About this exercise
Pictures found in the material must be left out, and every line returned as written.

Source material

=-=-=

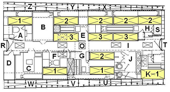 Cada compartimiento poseía un acceso central de 70 centímetros cerrado por unas cortinillas, creando dos camarotes de 6 metros de longitud y 2,20 de ancho conteniendo cada uno 12 literas, distribuidas en 5 bloques, tres de 2 pisos adosados a las bandas, y otros 2 de tres literas próximos al pasillo. |
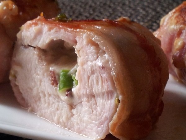 O yes, yes ! Zgadza się! Bardzo „cheesy” i pożywne roladki z kurczaka, które po prostu są przepyszne, nadziane żółtym, tartym serem, twarożkiem, bekonem i posiekanym, świeżym, zielonym chili.
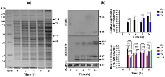 Induction and immunodetection of the oligomeric states of the rEhHSTF5 protein. The integrity of the total proteins extracted from transformed and IPTG-induced bacteria was evaluated by SDS-PAGE. A Molecular Weight Marker (MWM) and IPTG induction times ranging from 0 to 24 h were included. The gel was stained with Coomassie Brilliant Blue G-250 to visualize the protein bands (a). Subsequently, immunodetection was performed by Western blot assays using α6xHis and αEhHSTF5 specific antibodies to detect the distinct conformations of rEhHSTF5 (b). The graphs display the relative protein expression, calculated as the average of the pixel values obtained from three independent samples. Expression was normalized using the positive control, αGAPDH. The statistical analysis was performed using a two-way ANOVA, followed by the Tukey’s multiple comparison test. Significant differences between experimental groups are denoted with (*). The significance levels used were ** p ≤ 0.002, and *** p ≤ 0.001.
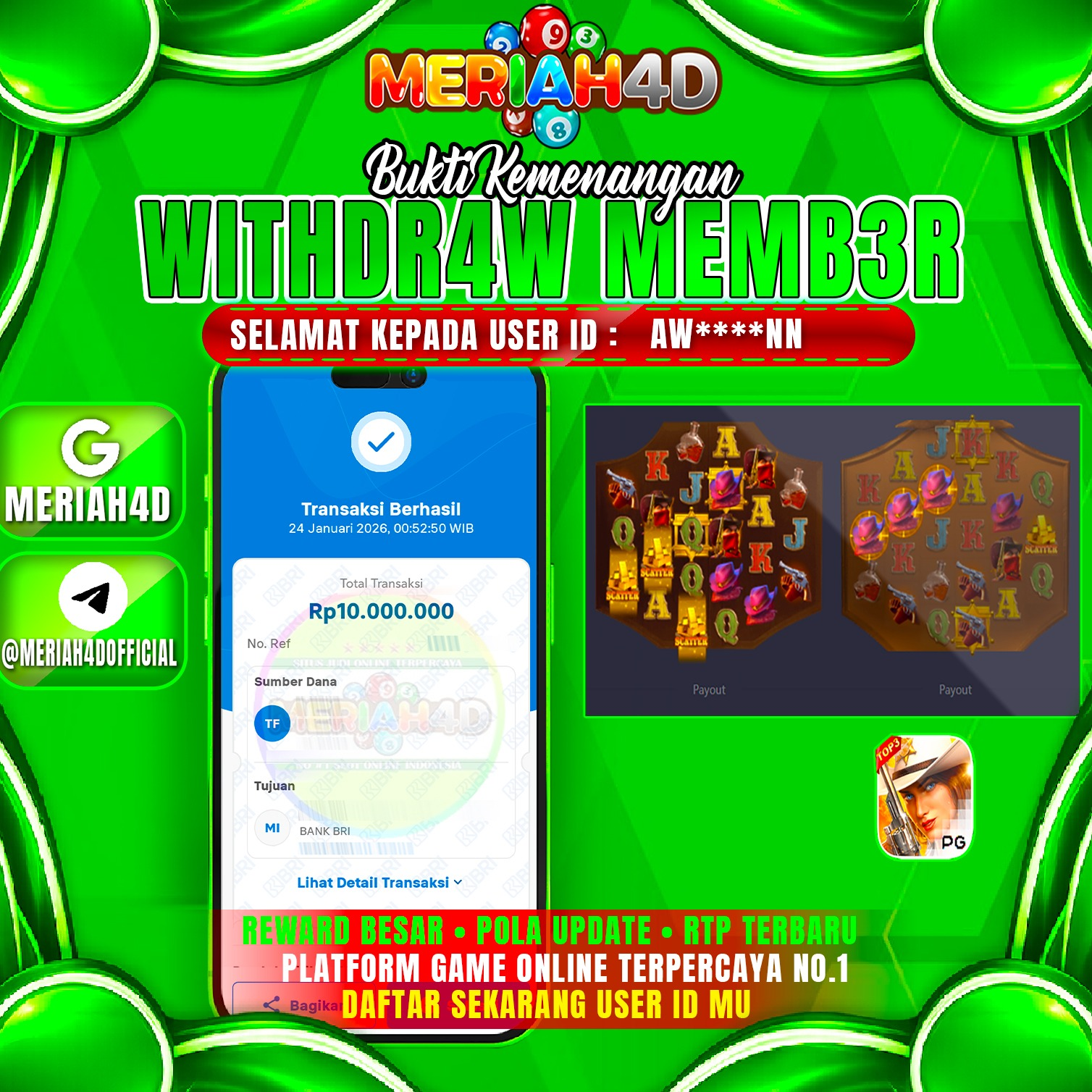 Selamat Kepada ID : AW*****NN Atas Withdraw Rp. 10.000.000 Juta Hari ini. Ditunggu Withdraw Selanjutnya dan ajak juga teman temannya bergabung di Meriah4d
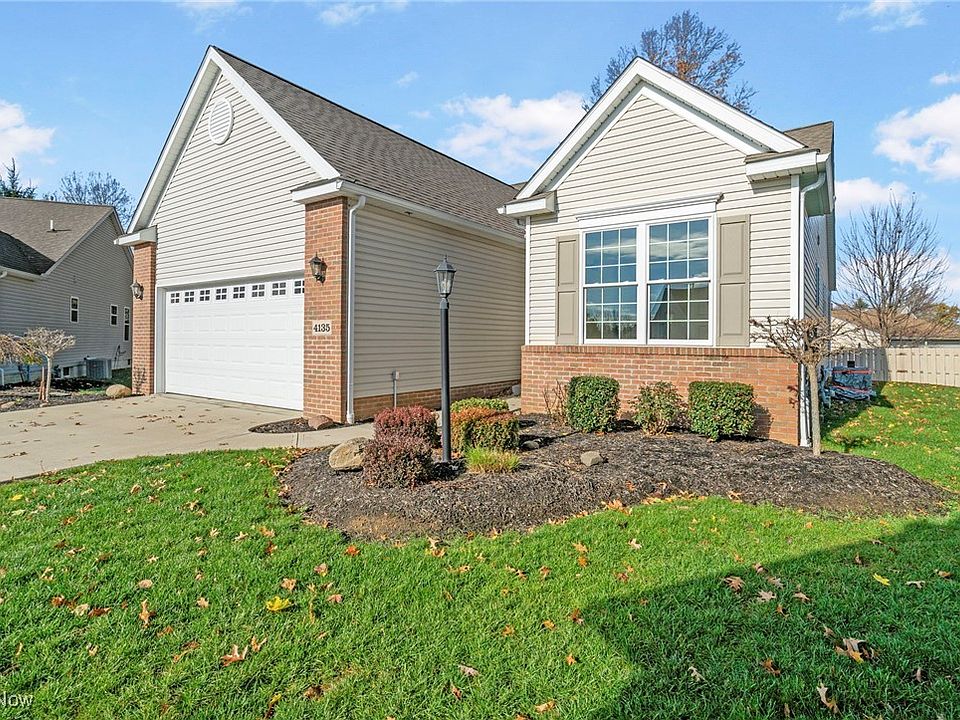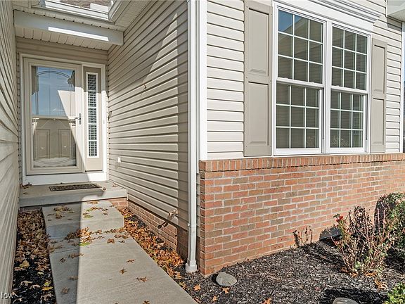 This beautiful two-bedrooms, two-bathrooms condo offers an open-concept floor plan with the added convenience of one-floor living. As you step through the front door, you’ll be greeted by vaulted ceilings, contemporary colors, and LVT flooring throughout the main living areas. Large windows invite natural light, enhancing the spacious feel of the great room, which boasts a gas fireplace—a perfect spot for cozy gatherings. The well-appointed kitchen is a chef's dream, featuring extra-deep, soft-close cabinets, gorgeous granite countertops, a stylish backsplash, and a center island with breakfast bar seating. The kitchen flows effortlessly into the dining area and eating nook, which provides access to the lovely patio and backyard—ideal for outdoor relaxation. The generously-sized owner's suite is the ultimate retreat, complete with an en-suite bathroom and a spacious walk-in closet. The first floor also includes a laundry room with a utility sink. The home is equipped with a fully insulated basement, offering endless possibilities for additional living space. The property sits on the largest lot in the condominium, providing plenty of room for outdoor activities and entertainment. Additional amenities include a water filtration system and a two-car garage with an additional 4ft of storage space. The home is ideally located close to the Village of Mogadore's parks, restaurants, and other local conveniences, and still only 5 mins from I-76.
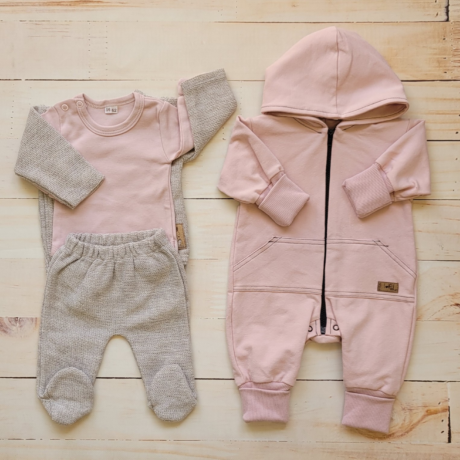 Dwuczęściowy, miękki komplecik włóczkowy wraz z pięknym pudrowym kombinezonem i body tworzą przecudną propozycję na wiosnę, jesień, czy chłodniejsze lato :)
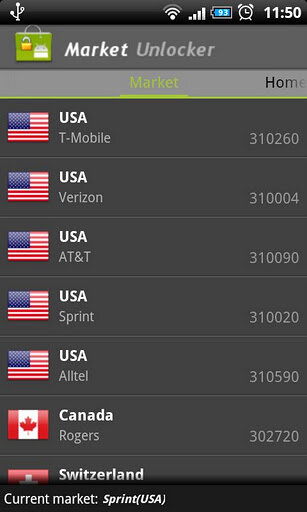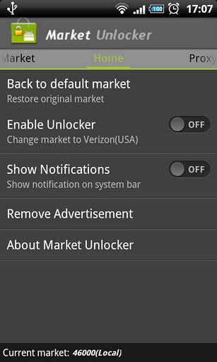Нажмите любой элемент списка в закладке «Market» для включения Market Unocker. Это все. А также вы можете переключиться на Home и Proxy для дополнительных функций.

=-=-=

Solution
 Cada compartimiento poseía un acceso central de 70 centímetros cerrado por unas cortinillas, creando dos camarotes de 6 metros de longitud y 2,20 de ancho conteniendo cada uno 12 literas, distribuidas en 5 bloques, tres de 2 pisos adosados a las bandas, y otros 2 de tres literas próximos al pasillo. |
 O yes, yes ! Zgadza się! Bardzo „cheesy” i pożywne roladki z kurczaka, które po prostu są przepyszne, nadziane żółtym, tartym serem, twarożkiem, bekonem i posiekanym, świeżym, zielonym chili.
 Induction and immunodetection of the oligomeric states of the rEhHSTF5 protein. The integrity of the total proteins extracted from transformed and IPTG-induced bacteria was evaluated by SDS-PAGE. A Molecular Weight Marker (MWM) and IPTG induction times ranging from 0 to 24 h were included. The gel was stained with Coomassie Brilliant Blue G-250 to visualize the protein bands (a). Subsequently, immunodetection was performed by Western blot assays using α6xHis and αEhHSTF5 specific antibodies to detect the distinct conformations of rEhHSTF5 (b). The graphs display the relative protein expression, calculated as the average of the pixel values obtained from three independent samples. Expression was normalized using the positive control, αGAPDH. The statistical analysis was performed using a two-way ANOVA, followed by the Tukey’s multiple comparison test. Significant differences between experimental groups are denoted with (*). The significance levels used were ** p ≤ 0.002, and *** p ≤ 0.001.
 Selamat Kepada ID : AW*****NN Atas Withdraw Rp. 10.000.000 Juta Hari ini. Ditunggu Withdraw Selanjutnya dan ajak juga teman temannya bergabung di Meriah4d
 This beautiful two-bedrooms, two-bathrooms condo offers an open-concept floor plan with the added convenience of one-floor living. As you step through the front door, you’ll be greeted by vaulted ceilings, contemporary colors, and LVT flooring throughout the main living areas. Large windows invite natural light, enhancing the spacious feel of the great room, which boasts a gas fireplace—a perfect spot for cozy gatherings. The well-appointed kitchen is a chef's dream, featuring extra-deep, soft-close cabinets, gorgeous granite countertops, a stylish backsplash, and a center island with breakfast bar seating. The kitchen flows effortlessly into the dining area and eating nook, which provides access to the lovely patio and backyard—ideal for outdoor relaxation. The generously-sized owner's suite is the ultimate retreat, complete with an en-suite bathroom and a spacious walk-in closet. The first floor also includes a laundry room with a utility sink. The home is equipped with a fully insulated basement, offering endless possibilities for additional living space. The property sits on the largest lot in the condominium, providing plenty of room for outdoor activities and entertainment. Additional amenities include a water filtration system and a two-car garage with an additional 4ft of storage space. The home is ideally located close to the Village of Mogadore's parks, restaurants, and other local conveniences, and still only 5 mins from I-76.
 Dwuczęściowy, miękki komplecik włóczkowy wraz z pięknym pudrowym kombinezonem i body tworzą przecudną propozycję na wiosnę, jesień, czy chłodniejsze lato :)
Нажмите любой элемент списка в закладке «Market» для включения Market Unocker. Это все. А также вы можете переключиться на Home и Proxy для дополнительных функций.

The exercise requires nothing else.